These disclosures suggested that officers had been covering up for their colleagues when they gave evidence at the trial of Malcolm Kennedy in September 1991, the court was told.
Kennedy, 45, had been found guilty of murdering a cell-mate, Patrick Quinn, in Hammersmith police station, west London, after both men had been arrested for drunkenness. At his Old Bailey trial, Kennedy maintained that it was the police, not him, who battered Mr Quinn to death.
One of the officers on duty on that night was PC Paul Giles, who said he had arrested Mr Quinn and brought him to the police station between 11pm and midnight on 23 December 1990, the court was told.
But an investigation by the television programme World in Action had found two witnesses who said that PC Giles had responded to their call for help at this time.

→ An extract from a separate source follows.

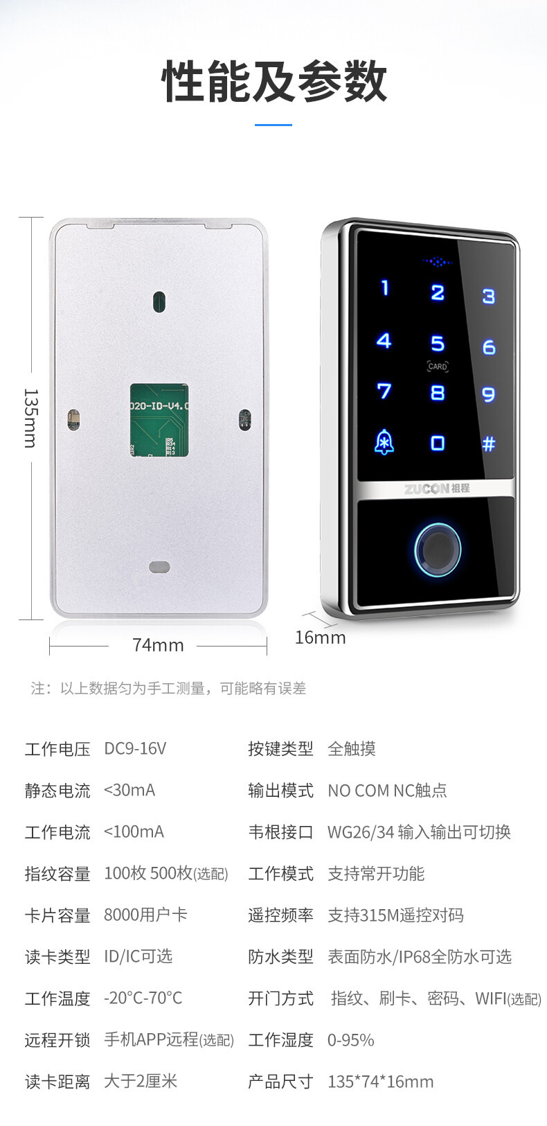 ZUCON祖程F1室外防水門禁系統(tǒng)一體機(jī)指紋刷卡讀卡器門禁主機(jī)IDIC讀頭
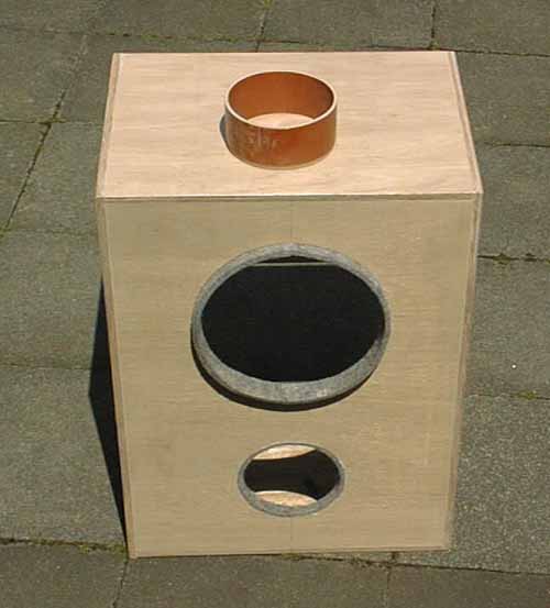 Für den Hochtonbereich habe ich ein Papprohr genommen, es kann naturlich auch das HT Rohr verwendet werden. Hinten offen

Their evidence was supported by documents that had not been available at the time of the trial, Kennedy's counsel, Michael Mansfield QC, told the court. One of these, a crime report, said that PC Giles had been called out at about 11.30pm.

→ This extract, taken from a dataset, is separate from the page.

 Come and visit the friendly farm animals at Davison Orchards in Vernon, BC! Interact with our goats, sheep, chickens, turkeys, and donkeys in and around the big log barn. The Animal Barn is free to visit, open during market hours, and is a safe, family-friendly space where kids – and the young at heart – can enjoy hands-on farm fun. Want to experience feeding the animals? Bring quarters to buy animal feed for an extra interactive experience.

'If Giles was somewhere else, then he is really, we say, covering for officers who arrested this man (Mr Quinn),' Mr Mansfield said. 'I am not in a position to say that this is conclusive evidence in the sense that it demonstrates his (Kennedy's) innocence, but what it does do is fundamentally undermine the credibility of one and possibility other witnesses.'
In such circumstances, the case should be retried, Mr Mansfield said.

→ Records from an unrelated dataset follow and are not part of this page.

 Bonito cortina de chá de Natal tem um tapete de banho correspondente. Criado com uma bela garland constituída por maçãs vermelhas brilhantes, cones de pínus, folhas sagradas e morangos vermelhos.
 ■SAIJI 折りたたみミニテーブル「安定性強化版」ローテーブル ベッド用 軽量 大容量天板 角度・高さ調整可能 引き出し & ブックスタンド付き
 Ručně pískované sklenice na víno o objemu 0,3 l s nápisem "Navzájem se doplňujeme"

PC Giles had been interviewed by Thames Valley police after the Police Complaints Authority started an investigation into the case. But he refused to answer questions about the new evidence, Mr Mansfield said.
The court also heard from Samantha Wood, one of the people who had been assisted by PC Giles on the night Mr Quinn died. She said she was sure that the officer had attended her house in Hammersmith at about 11.30pm.
At the police station, she had heard 'ranting and raving' from another cell and remembered the officer charged with taking her statement commenting that there was 'trouble'.
He left for about 20 minutes and came back a 'totally different person'. 'Before he left, he was very talkative, understanding and generally a very nice guy.'
When he returned, however, he was agitated and in a hurry to complete the statement, Miss Wood said.